This book is accurate and awesome. It examines the major military, civilian, and foreign individuals that shaped the reality that necessitated the development of the BOMB! I was most impressed with the person that was put in charge of the project in the military. He was the "right man for the job". The book says this about 4 people and after reading the book, I think they were right. I would recommend this book to students in High School. It's not a difficult book to read, but it is difficult to understand why some of the decisions were made. This was a great book the take home on a, " Valentine's Date". The book contained a lot of information that I was unaware. The scale of this project is something every person in the world should know about. We really wanted and needed to make the bomb first.
Seriously, great book. Fantastic pictures and slices of life that really cement the importance of atomic race. Americans were willing to give up their homes without question if they thought it would win the war. The book is an easy read and the important people are introduced and explained where the author deemed relevant. My favorite part of the book was in the end when you see the opinions of the people that develop the device. They saw the need to make the most destructive thing ever created but they wished that the government would've put more thought into what using the bomb would unleash. Most scientists that were instrumental in the creation of the bomb wouldn't have made it knowing how it would be used. But, most would still see the value in the knowledge gained.
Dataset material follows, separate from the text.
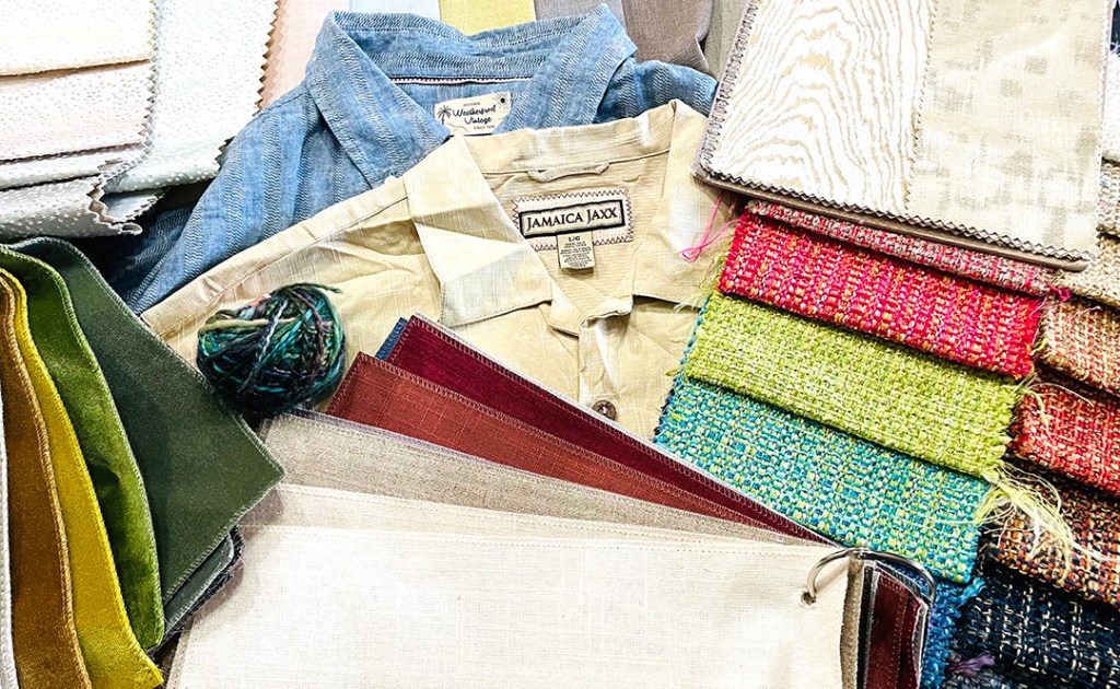 I had a wonderful fabric find at my local upholstery yardage shop. Nicest people ever and a great selection! Many of their remnants are perfect for stitching backgrounds. These sample books were a surprising treasure trove of colors and textures. Also made a visit to my Goodwill store and found two shirts, 100% silk and 100% linen.

I love history books and I can't recommend this one enough. ( )
  S.Johnson | Feb 13, 2017 |
4Q
3P
  CardiganBooklover | Mar 1, 2012 |
Detailed and clear information about the Manhattan Project and the atomic bomb. ( )
  lilibrarian | Jan 14, 2011 |
Richie's Picks: THE ULTIMATE WEAPON: THE RACE TO DEVELOP THE ATOMIC BOMB by Edward T. Sullivan, Holiday House, June 2007, ISBN: 08234-1855-3

"We love to laugh and play and run
And we would never start a war
We're all afraid of bombs and guns
We know that one fight leads to more.
Our country says we must be ready
For a fight, no matter where
Even though that might be right,
It makes the other countries scared"

--Peter Alsop, "Kid's Peace Song"

"By 2006, six nuclear weapons had been lost and never recovered."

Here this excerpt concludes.